Given data ::

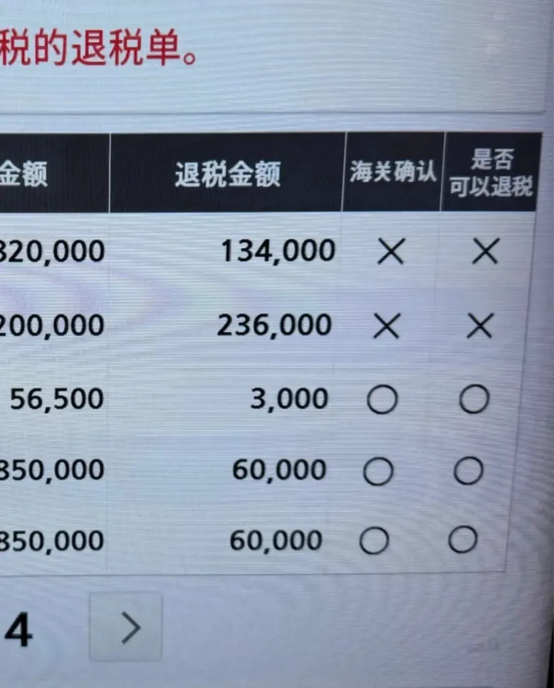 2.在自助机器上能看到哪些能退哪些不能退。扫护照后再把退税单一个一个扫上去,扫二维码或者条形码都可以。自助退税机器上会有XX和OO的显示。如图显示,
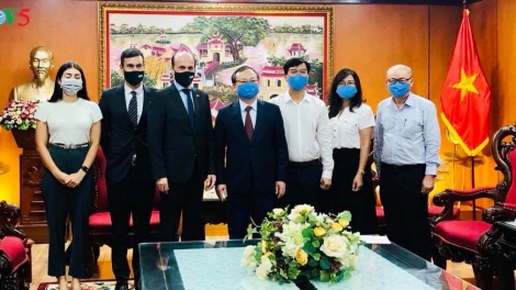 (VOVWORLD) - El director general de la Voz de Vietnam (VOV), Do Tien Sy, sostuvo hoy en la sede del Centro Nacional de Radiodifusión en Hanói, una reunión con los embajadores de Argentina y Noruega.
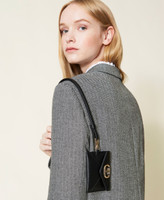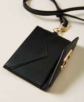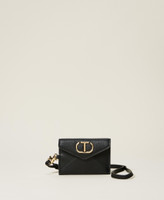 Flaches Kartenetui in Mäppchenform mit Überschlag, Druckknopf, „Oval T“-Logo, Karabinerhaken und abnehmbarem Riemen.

--

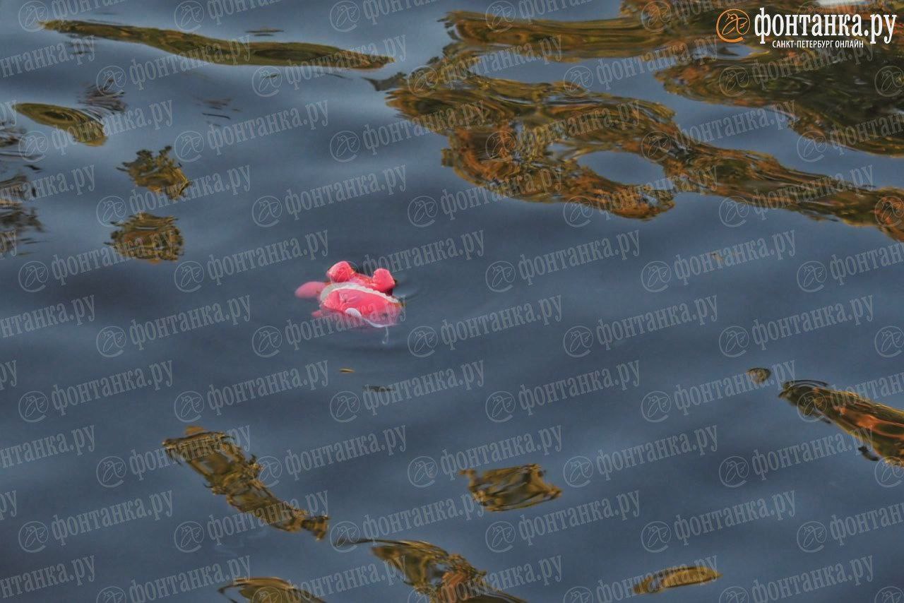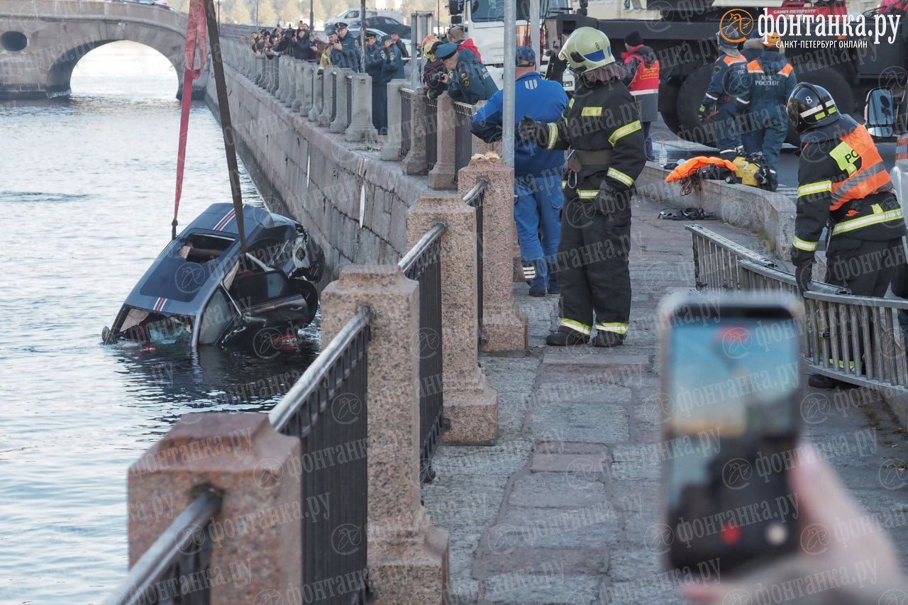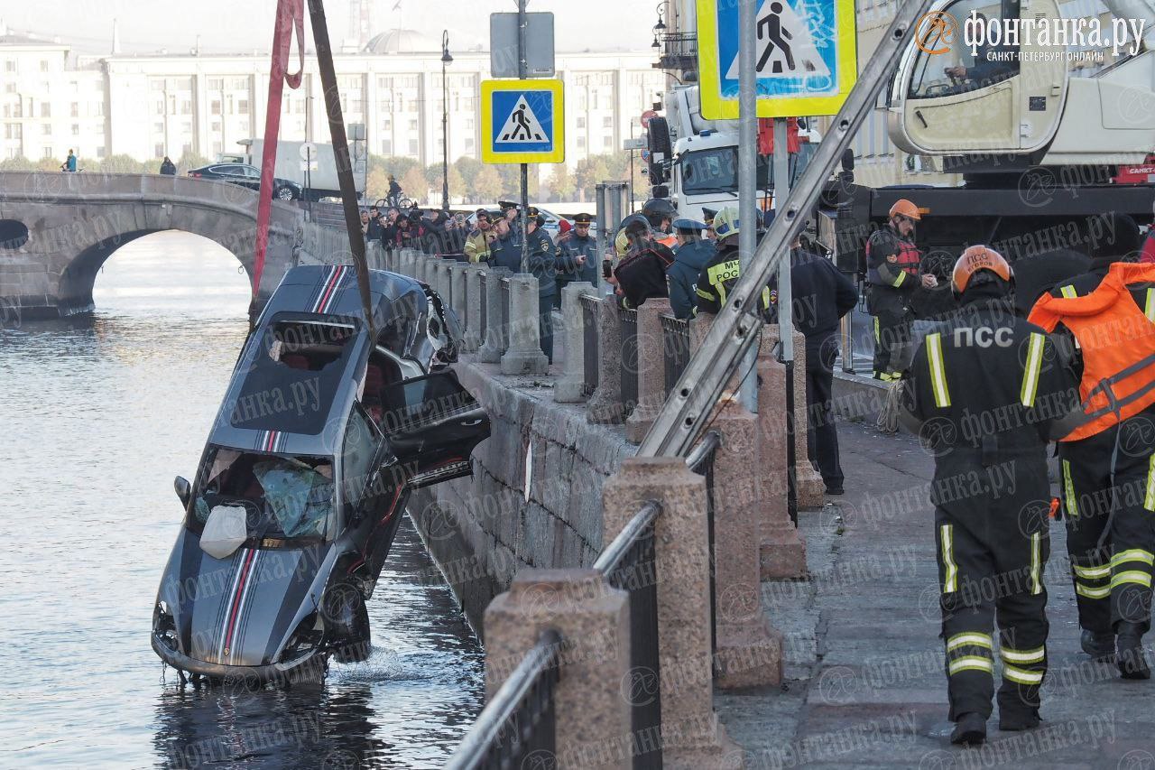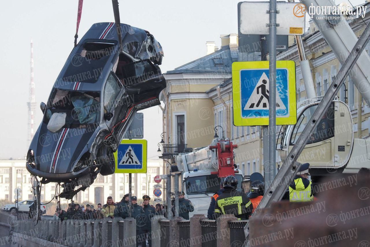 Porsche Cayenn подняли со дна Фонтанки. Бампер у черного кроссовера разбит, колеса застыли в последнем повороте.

---

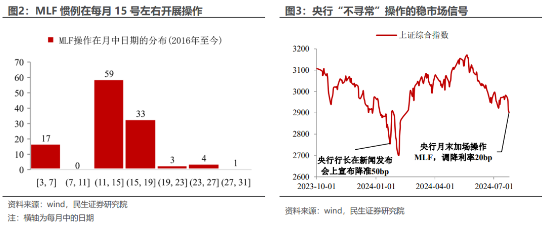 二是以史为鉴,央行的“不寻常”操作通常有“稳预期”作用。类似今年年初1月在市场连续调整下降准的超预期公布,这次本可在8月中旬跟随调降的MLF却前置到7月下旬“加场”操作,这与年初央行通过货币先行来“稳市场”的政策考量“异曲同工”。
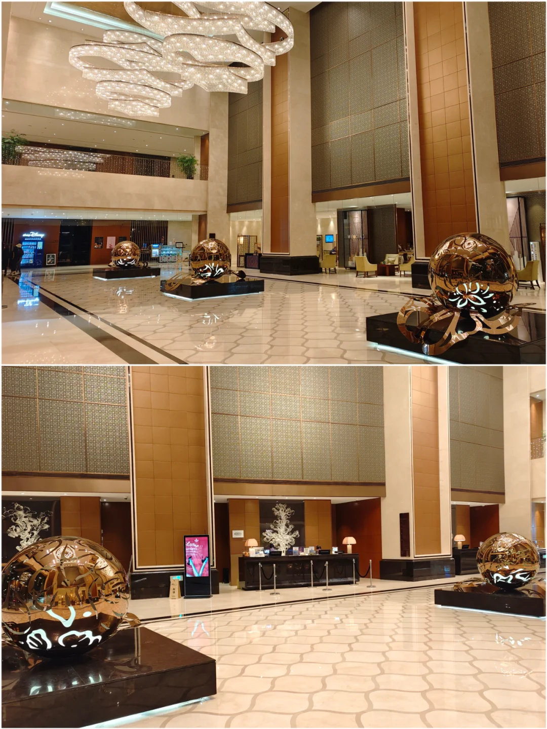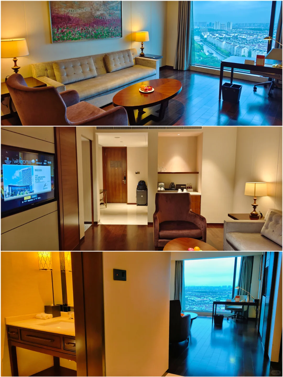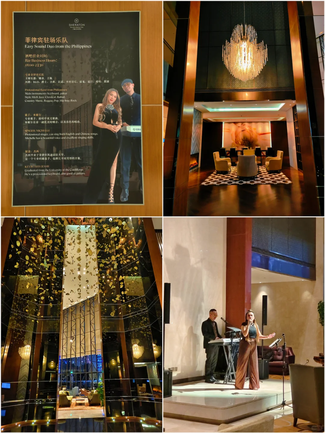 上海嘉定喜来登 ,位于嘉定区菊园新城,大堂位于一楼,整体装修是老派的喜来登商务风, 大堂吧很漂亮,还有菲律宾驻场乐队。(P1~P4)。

Work to be completed :: What is needed is an exact copy of only the lines above from the one with "2.在自助机器上能看到哪些能" to the one with "Flaches Kartenetui in", both kept, with every picture left out.

Output below ::
 2.在自助机器上能看到哪些能退哪些不能退。扫护照后再把退税单一个一个扫上去,扫二维码或者条形码都可以。自助退税机器上会有XX和OO的显示。如图显示,
 (VOVWORLD) - El director general de la Voz de Vietnam (VOV), Do Tien Sy, sostuvo hoy en la sede del Centro Nacional de Radiodifusión en Hanói, una reunión con los embajadores de Argentina y Noruega.
 Flaches Kartenetui in Mäppchenform mit Überschlag, Druckknopf, „Oval T“-Logo, Karabinerhaken und abnehmbarem Riemen.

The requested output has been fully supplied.